The leftovers were taken back to the Pujol kitchen, where they were reheated and served each day until the supply ran low. Satisfied with how the mole had gotten smoother with each trip back to the flame – a technique Olvera says he learned from the chef Ricardo Muñoz Zurita, a renowned researcher of Mexican gastronomy – the original Quintonil batch was extended with the integration of a new one.

Araceli Paz / Pujol
Araceli Paz / Pujol

For over a year, the chefs at Pujol continued the cycle, penciling notes on the mole’s metamorphosing flavors into a logbook and adjusting around the edges. When the mole started to feel tired, displaying ashy and earthy flavors, Olvera says, the team introduced fruit into the recipe and designed the elegant plating that remains today, with a circle of a rust red mole made fresh that day nested in the center of the mole madre.
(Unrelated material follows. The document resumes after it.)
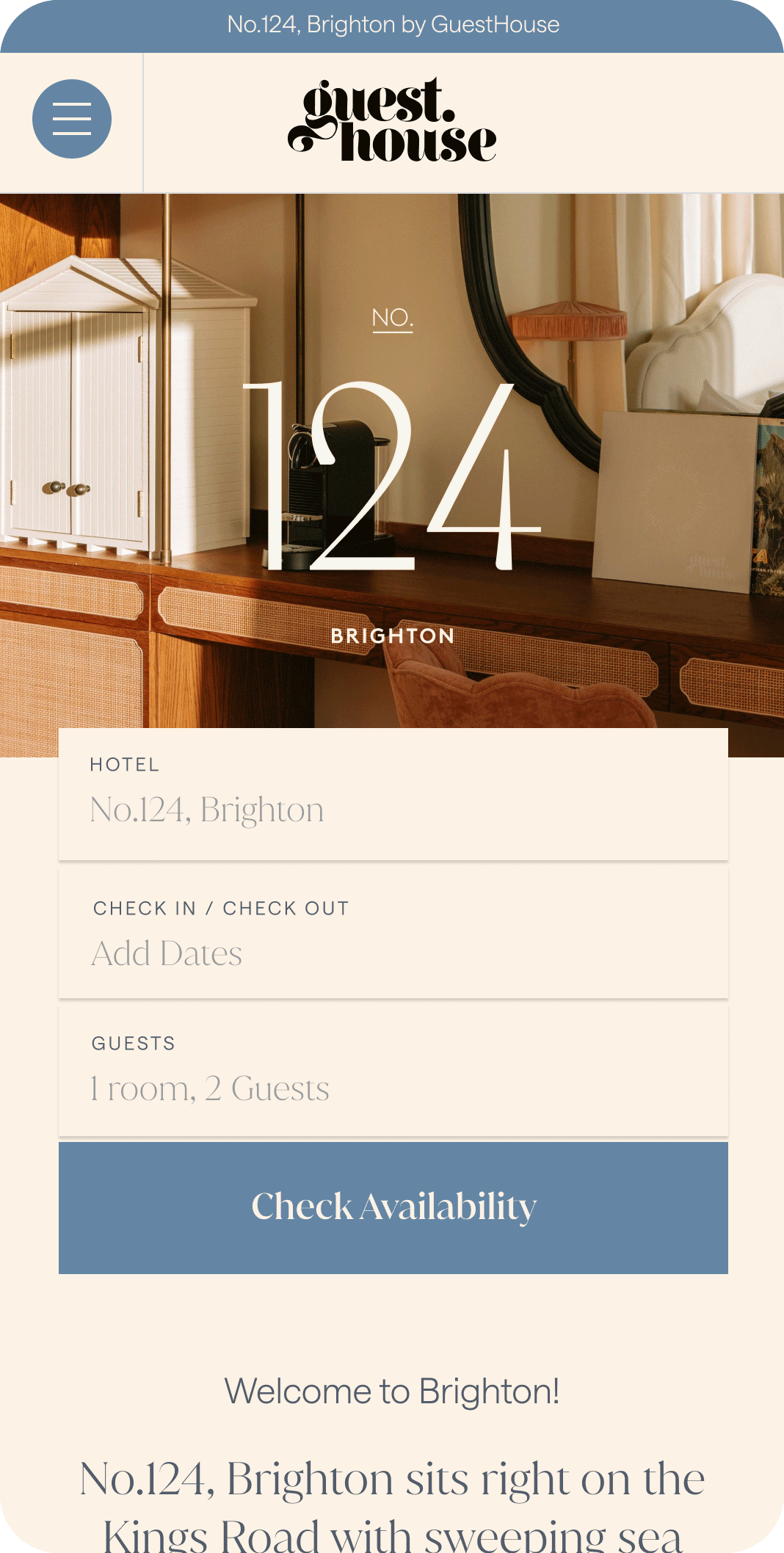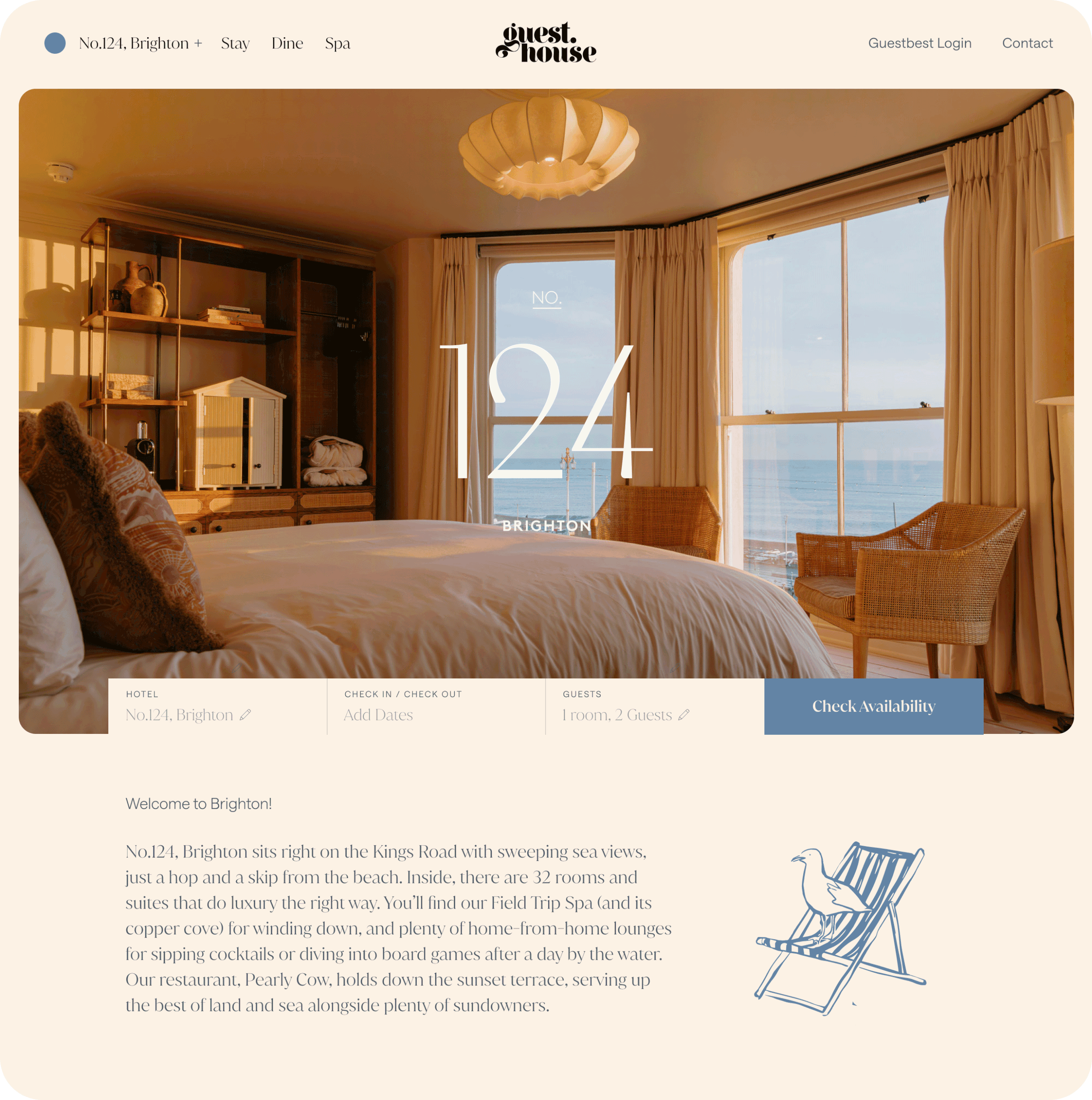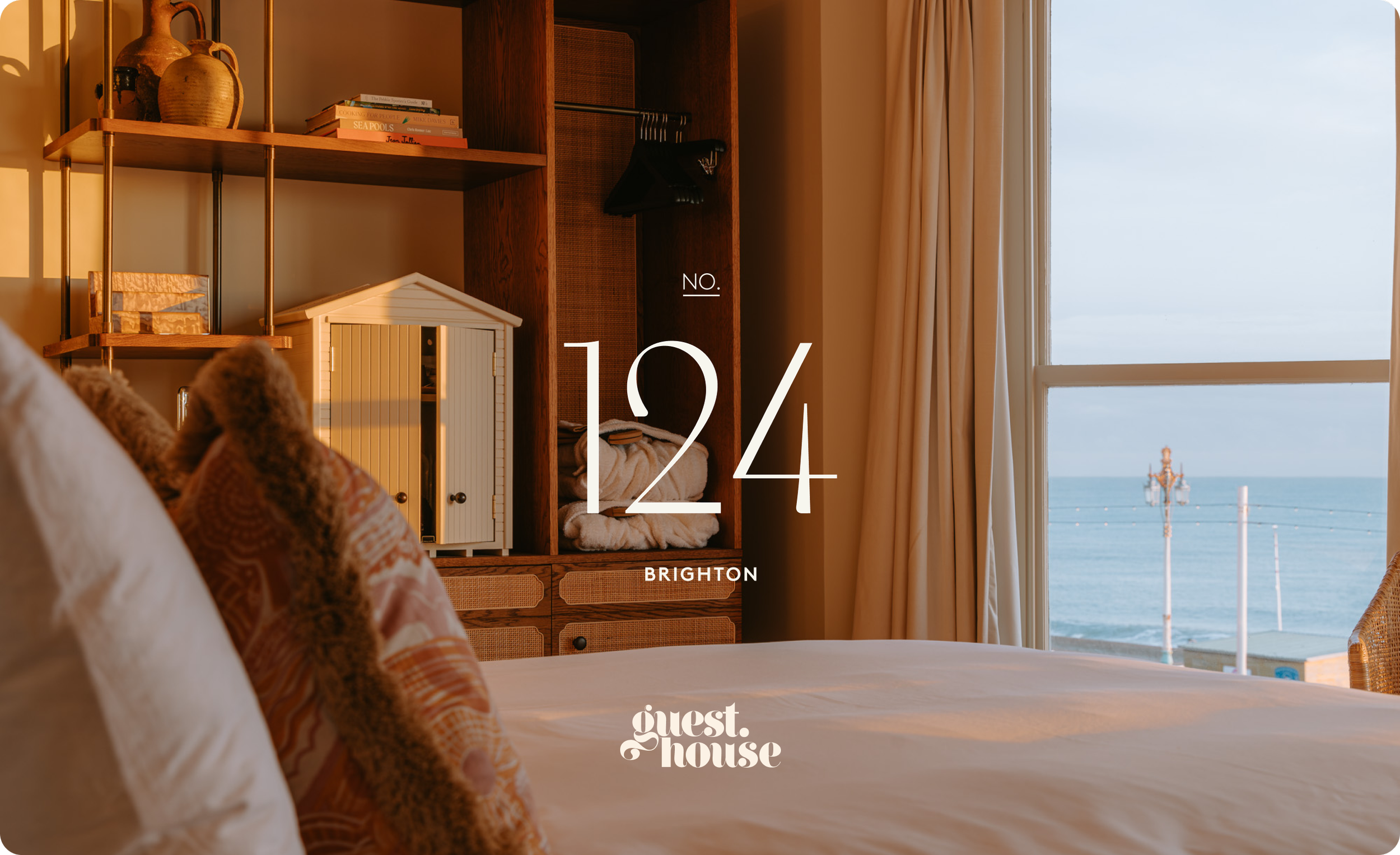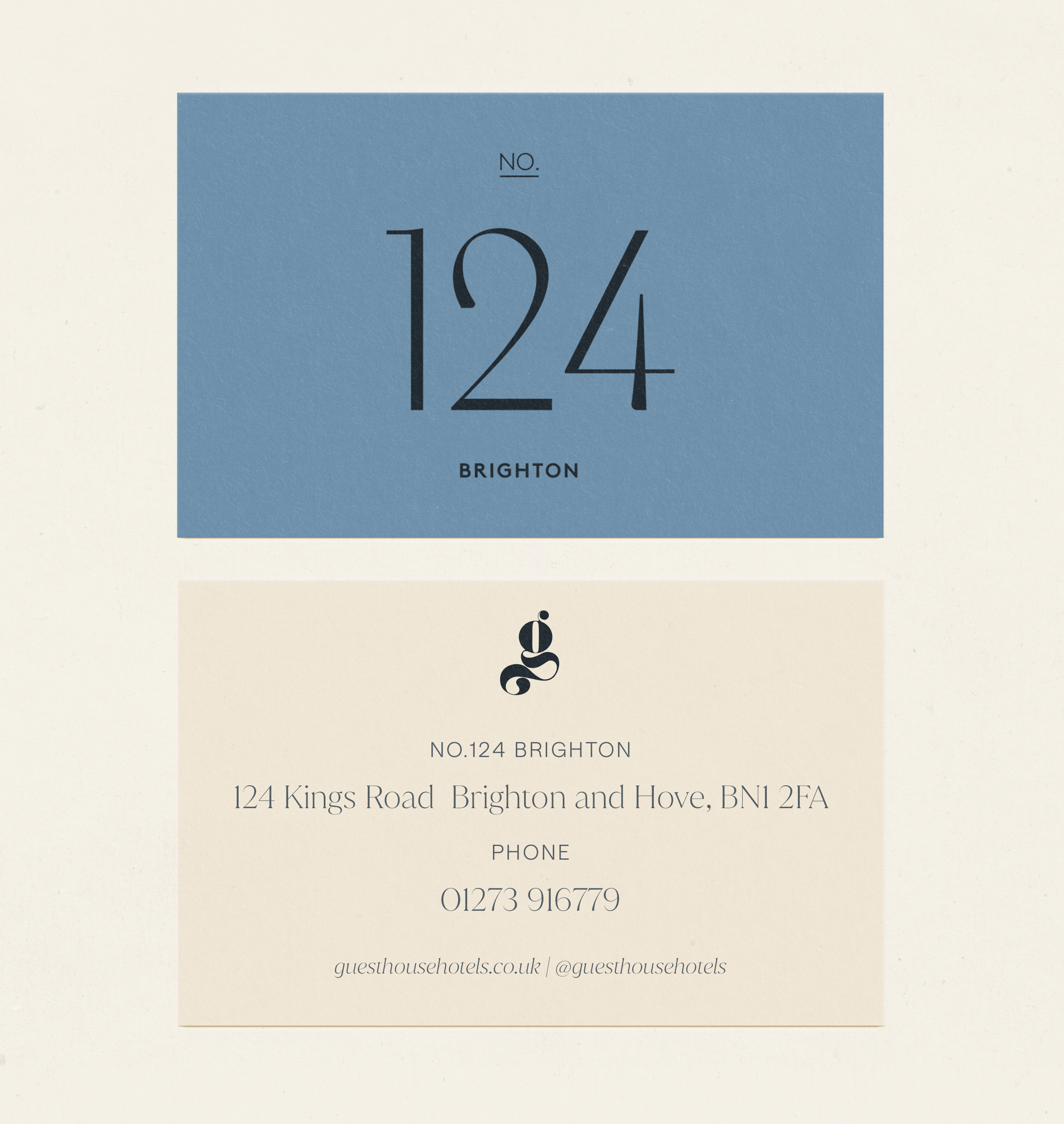 Beyond extending the overarching group identity, I crafted a bespoke logo for No.124, drawing directly from the hotel’s interior aesthetics to convey understated elegance and simplicity. I also refined the brand guidelines, introducing a tailored colour palette and typography system designed specifically for the property. The muted blues echo Brighton’s seaside charm while harmonising seamlessly with the existing GuestHouse palette, reinforcing a cohesive yet distinctive brand presence.

After its infancy as an enmolada, the dish was served with corn tortillas, then ones delicately pressed with an hoja santa leaf, and today, a trio: one made with hoja santa, one with a colored corn, and one with indigenous, criollo corn.

In the courtyard, after Olvera has passed over any maize or metal vessel in favor of his digital utensil, he explains that the way the mole madre tastes moves in cycles, too.

“It’s chili, then acidity, then spices come out, and then it begins again, see? It makes a loop: back to chili, acidity, spices. I think that’s something very beautiful,” Olvera says.

Araceli Paz / Pujol
Araceli Paz / Pujol

The next form the mole will take in the reimagined Pujol remains unclear. Several kitchen experiments, like a swirling multicolored plating, have so far been tossed. But Olvera betrays no hint of anxiety about the uncertain fate of his most important creation.

“Mole is both new and old, which is something I like a lot. Like the tortilla, mole belongs to the past, the present, and the future. When you manage to understand food in that way, I think there’s no anxiety about creativity,” Olvera says. “I feel that creativity is something that happens over time.”